Form 8-K

 

 

UNITED STATES

SECURITIES AND EXCHANGE COMMISSION

WASHINGTON, D.C. 20549

 

 

Form 8-K

 

 

CURRENT REPORT

Pursuant to Section 13 or 15(d) of the

Securities Exchange Act of 1934

Date of Report (Date of earliest event reported) April 23, 2008

 

 

AMERICAN COMMUNITY BANCSHARES, INC.

(Exact name of registrant as specified in its charter)

 

 

 

NORTH CAROLINA   000-30517   56-2179531

(State or other jurisdiction

of incorporation)

  (Commission File Number)  

(IRS Employer

Identification No.)

4500 CAMERON VALLEY PARKWAY, SUITE 150, CHARLOTTE, NC 28211

(Address of principal executive offices) (Zip Code)

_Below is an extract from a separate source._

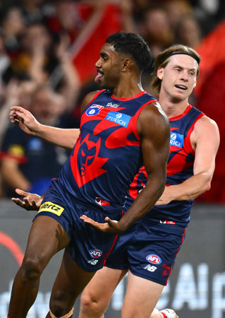ADELAIDE, AUSTRALIA - APRIL 12: Ben Hobbs of the Bombers kicks a goal during the 2025 AFL Round 05 match between the Melbourne Demons and the Essendon Bombers at Adelaide Oval on April 12, 2025 in Adelaide, Australia. (Photo by Michael Willson/AFL Photos)

Registrant’s telephone number, including area code (704) 225-8444

N/A

(Former name or former address, if changed since last report.)

 

 

Check the appropriate box below if the Form 8-K filing is intended to simultaneously satisfy the filing obligation of the registrant under any of the following provisions:

 

¨ Written communications pursuant to Rule 425 under the Securities Act (17 CFR 230.425)

 

¨ Soliciting material pursuant to Rule 14a-12 under the Exchange Act (17 CFR 240.14a-12)

 

¨ Pre-commencement communications pursuant to Rule 14d-2(b) under the Exchange Act (17 CFR 240.14d-2(b))

 

¨ Pre-commencement communications pursuant to Rule 13e-4(c) under the Exchange Act (17 CFR 240.13e-4(c))

 

 

 


Item 1.01 Entry into a Material Definitive Agreement.

Change in Control Agreement with William Mark DeMarcus

On April 23, 2008, American Community Bancshares, Inc., Charlotte, North Carolina (the “Registrant”), entered into a change in control agreement with William Mark DeMarcus, Chief Banking Officer of American Community Bank, Monroe, North Carolina (the “Bank”), the Registrant’s wholly owned subsidiary.

The agreement has an initial term of three (3) years. At the end of the initial three (3) year term, the Registrant, in its sole discretion, may elect to extend the agreement for a further three (3) years.

The agreement entitles Mr. DeMarcus to receive an amount that is the greater of (1) any severance payment offered by the Bank or its successor in connection with the termination of Mr. DeMarcus’s employment following a “change in control” of the Registrant or (2) a lump sum amount equal to the average annual salary paid to Mr. DeMarcus over the previous twelve (12) month period. Mr. DeMarcus is entitled to receive such a payment in the event that the Registrant, the Bank, or any of their successors terminates Mr. DeMarcus’s employment, other than for “cause,” within eighteen (18) months after any “change in control” of the Registrant or, in the event of a voluntary termination of Mr. DeMarcus’s employment within eighteen (18) months after any change in control under which Mr. DeMarcus shall have incurred a reduction in compensation or a reduction of responsibilities, or is required to move to a workplace greater than thirty-five (35) miles from Charlotte, North Carolina.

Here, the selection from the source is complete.